* [What to work on] Could you write out, exactly, every line from the top of the data through the line holding "Excavation réalisée lors"? Omit the pictures.

(Dataset records)
*** Block opens ***

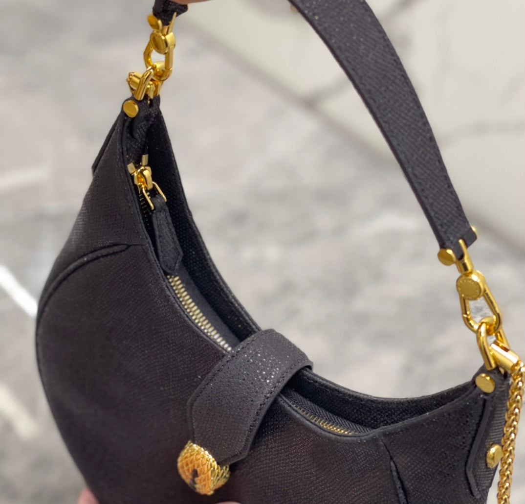 BVL Serpenti Ellipse Crossbody Bag 25cm Black Lambskin GHW 188344
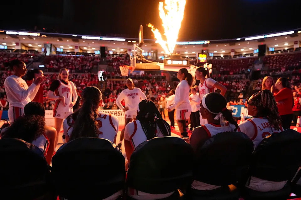 The Ohio State Buckeyes sit for the starting lineup prior to the NCAA women’s basketball tournament second round game against the Notre Dame Fighting Irish at the Jerome Schottenstein Center in Columbus on March 23, 2026.
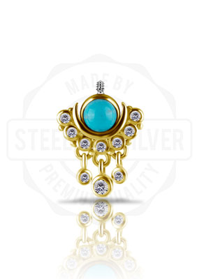 18K GOLD INTERNAL ATT. FOR VERTICAL HELIX SET W. TURQUOISE A. WHITE TOPAZ
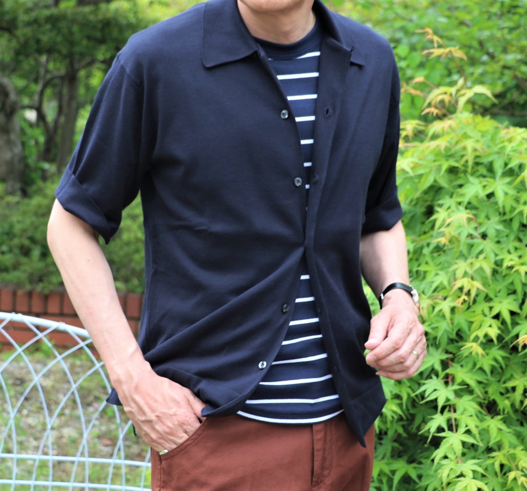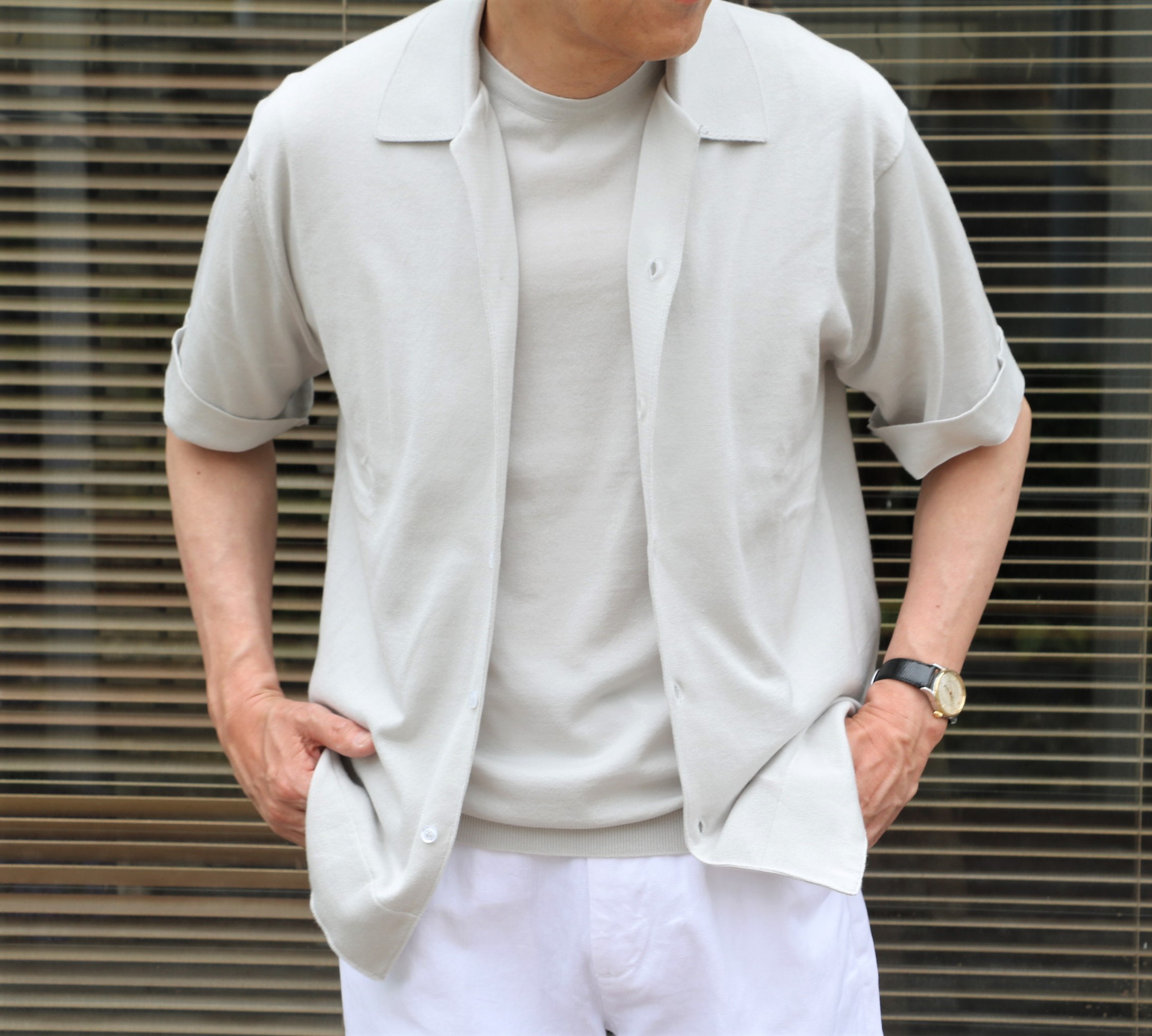 ショートスリーブのニットは、シャツのように一枚で着ることもできる、シャツ型のカーディガンです。
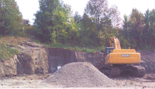 Excavation réalisée lors de la construction, causant un glissement de terrain
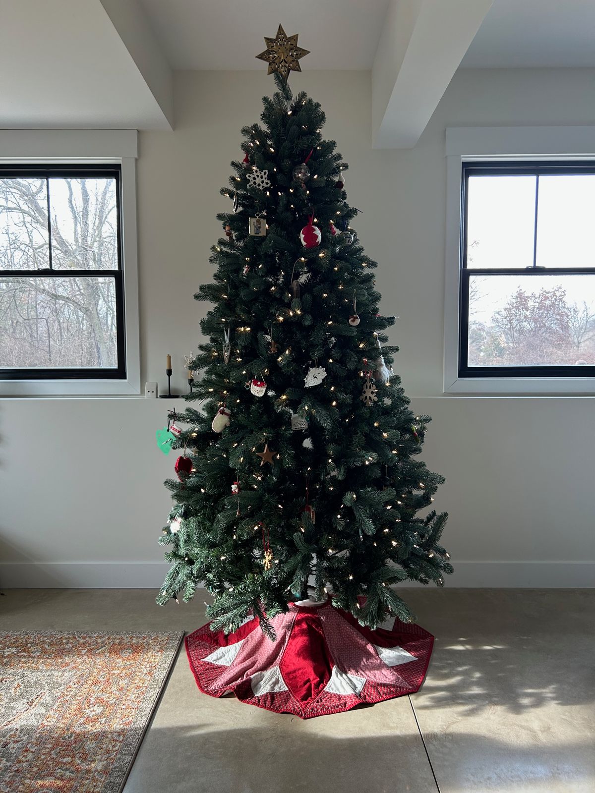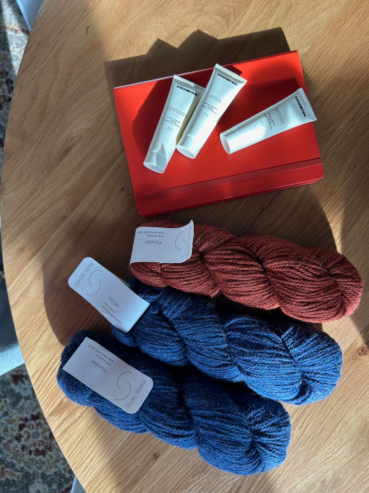 Nicholas and I exchanged gifts with each other, and I opened a gift that the boys had picked out for me: two colors of Purl Soho Yonder, one skein in Red Oak (picked out by Cooper) to knit Cooper a new hat and two skeins in Blue Jeans (picked out by Finn) to knit myself a hat. For both projects, I'll use Purl Soho's Mixed rib hat pattern, a favorite of mine from gift knitting in 2024. These hats have been worn so many times and there is no wear on the yarn. I love having yarn in colors that the boys chose.
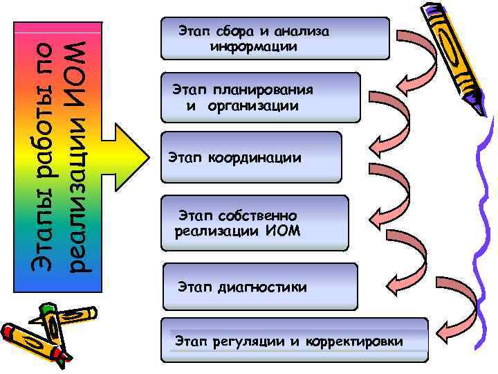 Этап сбора и анализа информации реализации ИОМ Этапы работы по Этап планирования и организации Этап координации Этап собственно реализации ИОМ Этап диагностики Этап регуляции и корректировки
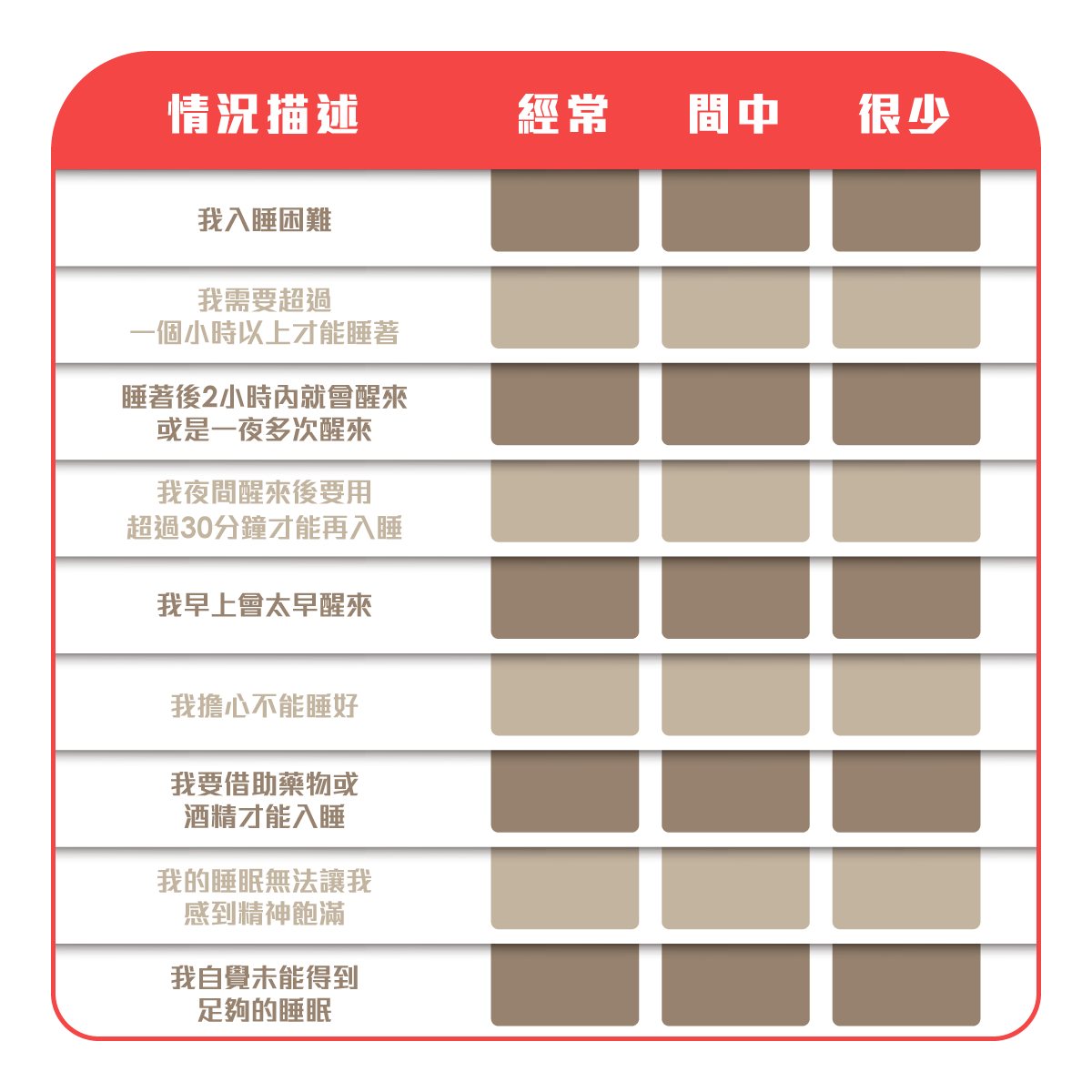 如果你符合越多項,而且大多數「經常」,那代為你患上失眠的可能性越大,需盡早求醫,向中西醫尋求失眠解決方法!
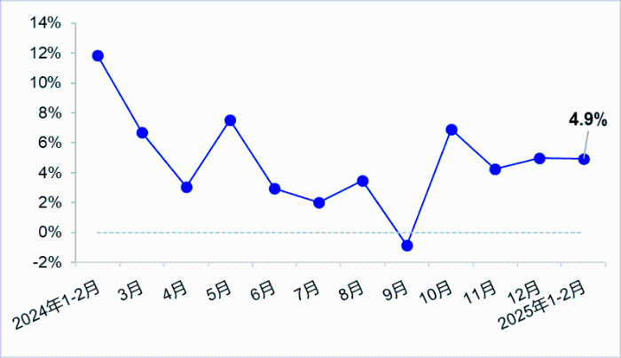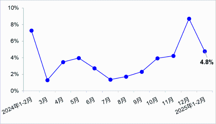 圖2?港口貨物吞吐量月度同比增速變化?
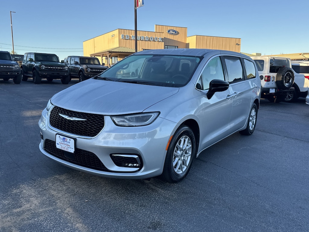 Silver Mist Clearcoat 2024 Chrysler Pacifica Touring L FWD 9-Speed 948TE Automatic 3.6L V6 24V VVT 10.1" Touchscreen Display, 6 Speakers, Air Conditioning, AM/FM radio: SiriusXM, Apple CarPlay, Apple CarPlay/Android Auto, Automatic temperature control, Bumpers: body-color, Caprice Leatherette Bucket Seats, Disassociated Touchscreen Display, Driver door bin, Driver vanity mirror, Front dual zone A/C, Front reading lights, Google Android Auto, GPS Antenna Input, Heated door mirrors, Heated steering wheel, Integrated Active Noise Cancellation, Integrated Center Stack Radio, Power door mirrors, Radio data system, Radio: Uconnect 5 w/10.1" Display, Rear air conditioning, Spoiler, Touring Suspension, Turn signal indicator mirrors.
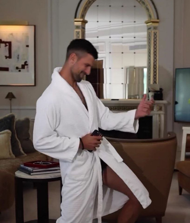 Međutim, danas je na društvenim mrežama osvanuo video na koje se vidi kako se Novak i Jelena pripremaju za gala. Ti intimni momenti su dodatno približili publiku slavnom teniseru i otkrili delić atmosfere iza scene. Međutim, Novak je otkrio možda i više nego što je planirao, ali se, srećom, nije videlo baš sve. Naime, gotovo na početku snimka, Nole oponaša kako svira gitaru samo u bademantilu, a onda se ogrtač otvorio i videlo se dosta visoko uz butinu. Gotovo i Noletov ponos.
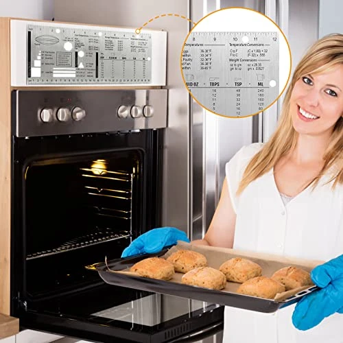 - Reference Tool for the Kitchen: More valuable information printed on the ruler,suitable a newcomer to baking and cooking at home, it is still a very useful reference item when baking,chopping veggies, etc.but the corners and edges are rather sharp.Please take care when using.
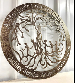 Metal Mother and Children Tree of Life. A great gift for Mothers, Grandmas, Aunts etc. This sign will be cherished. Can fit up to 5 children. Please write the names in the personalization box.
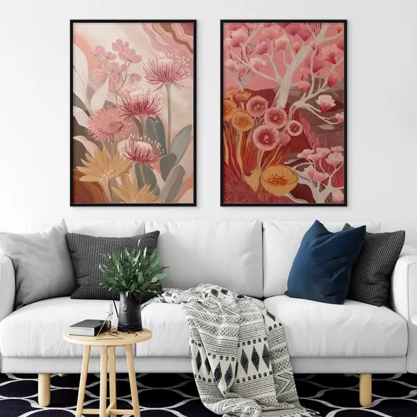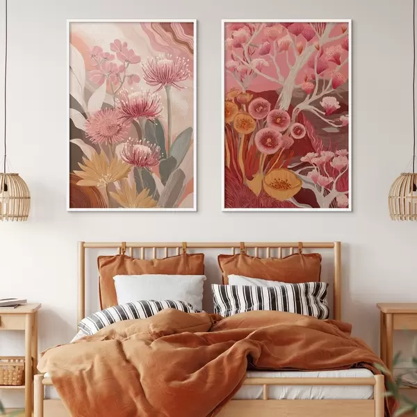 Poster Boho stijl bloemen, gedetailleerde tekening, bordeauxrode kleuren N° d00476
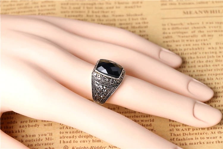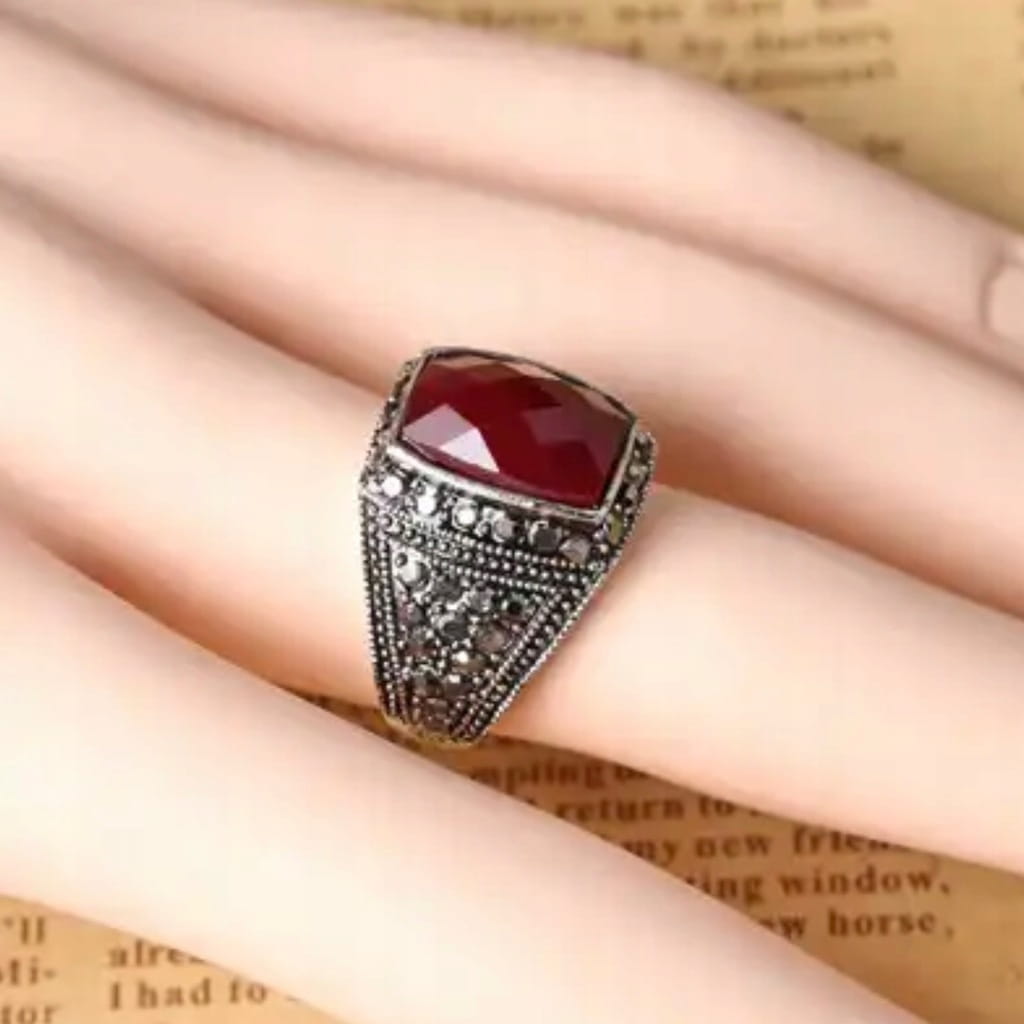 Turecki posrebrzany sygnet z bordowym oczkiem
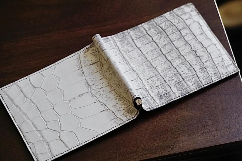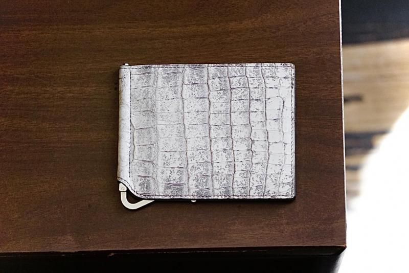 希少で高級感溢れるヒマラヤクロコダイルを使用したマネークリップ。
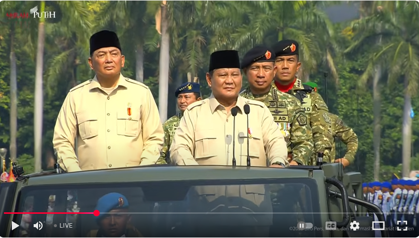Presiden Prabowo didampingi Menhan Sjafrie Sjamsoedin dan Panglima TNI Jenderal Agus Subiyanto melakukan pengecekan pasukan pada HUT TNI 80 di Monas.// Tangkap Layar Setpres
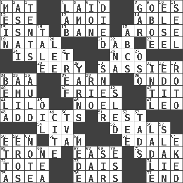ACROSS 1. Floor covering 4. Put down 8. Leaves 12. Compass dir. 13. Mine, in Marseilles 14. Competent 15. Is not 17. Object of repulsion 18. Came up 19. Brizilian seaport 21. Small moist lump or mass 23. Snakelike fish 24. Small island 26. Non-commissioned officer (abbr.) 28. Suggestive of the supernatural 30. More impudent 34. Sound made by sheep 37. Merit 39. Southwest Nigerian state 40. Australian flightless bird 41. Strips of potato fried in deep fat 43. Teat (slang) 44. _ and Stitch 46. Christmas carol 47. Lion 48. Inveterate users 51. Respite 54. 54 in ancient Rome 55. Allots cards 58. Car or cant ending 61. Scottish cap 63. Peak District village in England 65. Marketplace scale 67. Relaxation 71. Neighbor of Neb. 72. Carryall 73. Raised platform 74. Falsehood 75. Toward the sea 76. Hearing organs 77. Conclusion DOWN 1. Chow _ 2. Slender Brazilian palm 3. Portable shelters 4. Experiment locale 5. Nursemaid (var.) 6. Electrically charged atom 7. Passed on 8. Slender fish 9. Mitch Miller's instrument 10. Otherwise 11. Sew up the eyelids of hawks and falcons 16. Falsehood 18. Lettered men learn these first 20. Area sheltered from the wind 22. Santa ___, CA 25. Not kosher 27. Bear (Spanish) 29. Tall tales 30. Scornful expression 31. International (abbr.) 32. Singer Brickell 33. Printing process, for short 34. Actor Lugosi 35. Among 36. Old (Scot.) 38. _ de Janeiro 42. Downhill vehicle 45. Lubricate 49. Quote 50. Federal power corp. 52. Perceive with the eye 53. Bits 56. Dipping utensil 57. Killed 58. Singer James 59. Greek god of love 60. Musical sound 62. Ancient Persian 64. Made supply last 66. Teachers' org. 68. Auto club (abbr.) 69. Title for a knight 70. Double-curved letter

*** Block closes ***

* [Written solution]
 BVL Serpenti Ellipse Crossbody Bag 25cm Black Lambskin GHW 188344
 The Ohio State Buckeyes sit for the starting lineup prior to the NCAA women’s basketball tournament second round game against the Notre Dame Fighting Irish at the Jerome Schottenstein Center in Columbus on March 23, 2026.
 18K GOLD INTERNAL ATT. FOR VERTICAL HELIX SET W. TURQUOISE A. WHITE TOPAZ
 ショートスリーブのニットは、シャツのように一枚で着ることもできる、シャツ型のカーディガンです。
 Excavation réalisée lors de la construction, causant un glissement de terrain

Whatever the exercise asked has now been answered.